**The input**
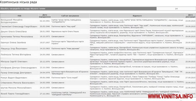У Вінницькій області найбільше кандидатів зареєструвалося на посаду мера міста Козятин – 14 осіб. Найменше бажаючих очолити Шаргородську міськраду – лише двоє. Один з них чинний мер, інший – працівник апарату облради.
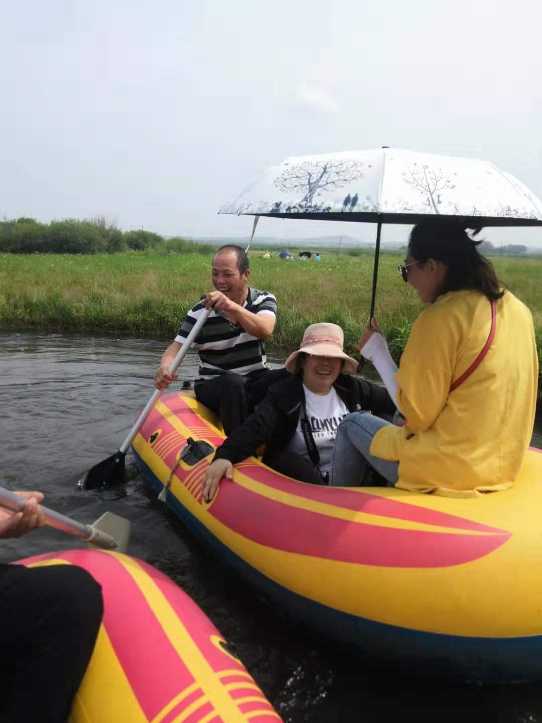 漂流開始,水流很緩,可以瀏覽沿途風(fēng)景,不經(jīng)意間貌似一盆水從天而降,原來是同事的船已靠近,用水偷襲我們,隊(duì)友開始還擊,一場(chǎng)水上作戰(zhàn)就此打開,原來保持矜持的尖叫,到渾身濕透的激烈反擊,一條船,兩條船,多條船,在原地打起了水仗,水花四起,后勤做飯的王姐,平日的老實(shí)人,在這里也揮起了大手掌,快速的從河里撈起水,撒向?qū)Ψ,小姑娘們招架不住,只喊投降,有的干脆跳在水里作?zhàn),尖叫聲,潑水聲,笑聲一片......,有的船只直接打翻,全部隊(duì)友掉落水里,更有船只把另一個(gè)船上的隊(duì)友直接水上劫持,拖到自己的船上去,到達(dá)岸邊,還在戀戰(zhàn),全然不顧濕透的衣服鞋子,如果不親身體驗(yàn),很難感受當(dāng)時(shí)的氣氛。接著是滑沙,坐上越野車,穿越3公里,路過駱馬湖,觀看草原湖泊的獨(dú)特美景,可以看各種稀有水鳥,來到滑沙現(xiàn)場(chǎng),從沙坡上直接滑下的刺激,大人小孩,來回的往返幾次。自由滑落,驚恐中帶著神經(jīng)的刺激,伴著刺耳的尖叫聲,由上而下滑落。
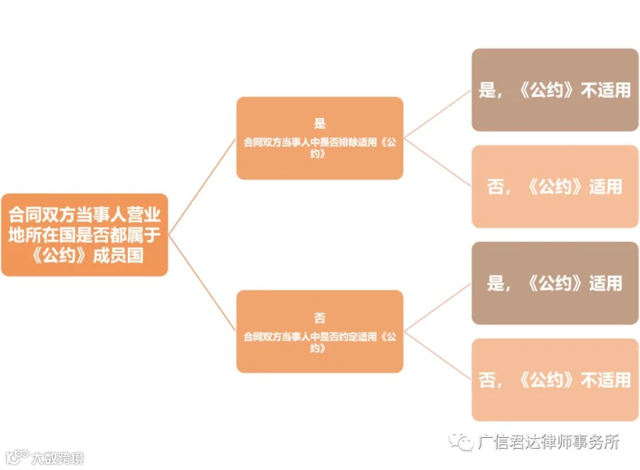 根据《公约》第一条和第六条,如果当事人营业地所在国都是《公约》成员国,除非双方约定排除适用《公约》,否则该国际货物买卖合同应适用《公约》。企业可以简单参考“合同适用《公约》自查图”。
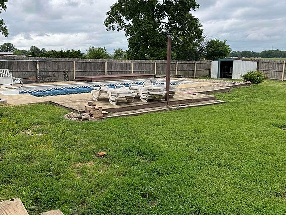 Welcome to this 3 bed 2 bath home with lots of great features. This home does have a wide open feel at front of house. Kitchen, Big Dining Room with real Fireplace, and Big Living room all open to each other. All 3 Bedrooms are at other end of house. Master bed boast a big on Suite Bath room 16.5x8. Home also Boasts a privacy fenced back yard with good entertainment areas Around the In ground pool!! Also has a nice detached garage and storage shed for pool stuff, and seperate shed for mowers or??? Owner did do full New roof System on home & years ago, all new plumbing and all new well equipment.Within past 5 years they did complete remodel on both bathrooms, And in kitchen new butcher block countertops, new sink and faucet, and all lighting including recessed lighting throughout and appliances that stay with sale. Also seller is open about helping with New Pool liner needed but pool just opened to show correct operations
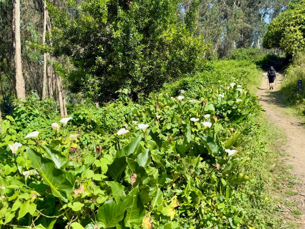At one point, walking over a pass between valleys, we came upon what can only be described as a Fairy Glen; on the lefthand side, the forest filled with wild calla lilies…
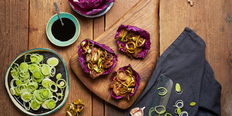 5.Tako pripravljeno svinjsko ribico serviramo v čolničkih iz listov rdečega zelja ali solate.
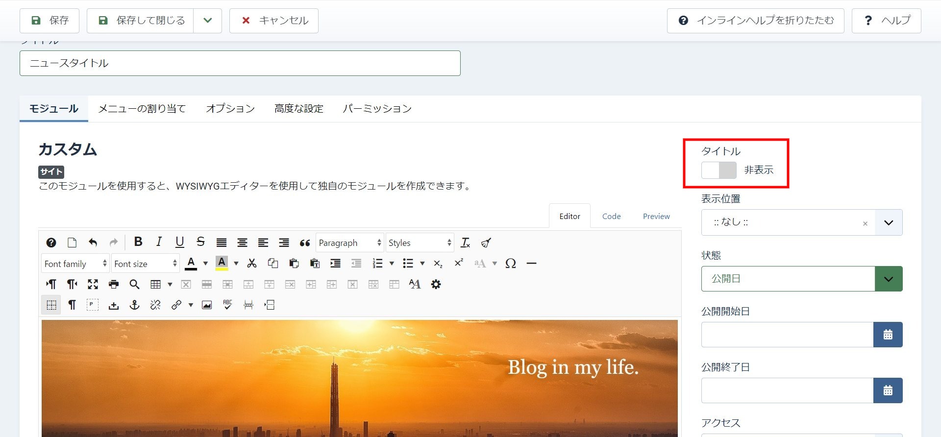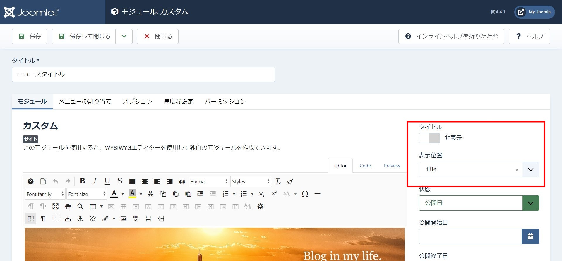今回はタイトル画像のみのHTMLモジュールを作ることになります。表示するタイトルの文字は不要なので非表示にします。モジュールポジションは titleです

...

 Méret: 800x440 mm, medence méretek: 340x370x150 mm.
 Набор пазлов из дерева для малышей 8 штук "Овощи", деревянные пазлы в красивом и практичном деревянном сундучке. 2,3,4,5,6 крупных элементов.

==

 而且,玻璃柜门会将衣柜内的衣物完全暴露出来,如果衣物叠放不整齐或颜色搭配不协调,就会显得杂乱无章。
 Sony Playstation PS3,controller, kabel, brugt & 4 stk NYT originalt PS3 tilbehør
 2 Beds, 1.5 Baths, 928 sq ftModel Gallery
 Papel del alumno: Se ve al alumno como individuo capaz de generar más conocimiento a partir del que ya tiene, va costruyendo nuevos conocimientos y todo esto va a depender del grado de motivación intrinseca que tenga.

**Task goal**
Reproduce exactly the lines of the data above that run from the line with "У Вінницькій області" down to the line with "根据《公约》第一条和第六条,如果当事人营", both ends included. Pictures do not belong in the copy.

**Result of the task**
У Вінницькій області найбільше кандидатів зареєструвалося на посаду мера міста Козятин – 14 осіб. Найменше бажаючих очолити Шаргородську міськраду – лише двоє. Один з них чинний мер, інший – працівник апарату облради.
 漂流開始,水流很緩,可以瀏覽沿途風(fēng)景,不經(jīng)意間貌似一盆水從天而降,原來是同事的船已靠近,用水偷襲我們,隊(duì)友開始還擊,一場(chǎng)水上作戰(zhàn)就此打開,原來保持矜持的尖叫,到渾身濕透的激烈反擊,一條船,兩條船,多條船,在原地打起了水仗,水花四起,后勤做飯的王姐,平日的老實(shí)人,在這里也揮起了大手掌,快速的從河里撈起水,撒向?qū)Ψ,小姑娘們招架不住,只喊投降,有的干脆跳在水里作?zhàn),尖叫聲,潑水聲,笑聲一片......,有的船只直接打翻,全部隊(duì)友掉落水里,更有船只把另一個(gè)船上的隊(duì)友直接水上劫持,拖到自己的船上去,到達(dá)岸邊,還在戀戰(zhàn),全然不顧濕透的衣服鞋子,如果不親身體驗(yàn),很難感受當(dāng)時(shí)的氣氛。接著是滑沙,坐上越野車,穿越3公里,路過駱馬湖,觀看草原湖泊的獨(dú)特美景,可以看各種稀有水鳥,來到滑沙現(xiàn)場(chǎng),從沙坡上直接滑下的刺激,大人小孩,來回的往返幾次。自由滑落,驚恐中帶著神經(jīng)的刺激,伴著刺耳的尖叫聲,由上而下滑落。
 根据《公约》第一条和第六条,如果当事人营业地所在国都是《公约》成员国,除非双方约定排除适用《公约》,否则该国际货物买卖合同应适用《公约》。企业可以简单参考“合同适用《公约》自查图”。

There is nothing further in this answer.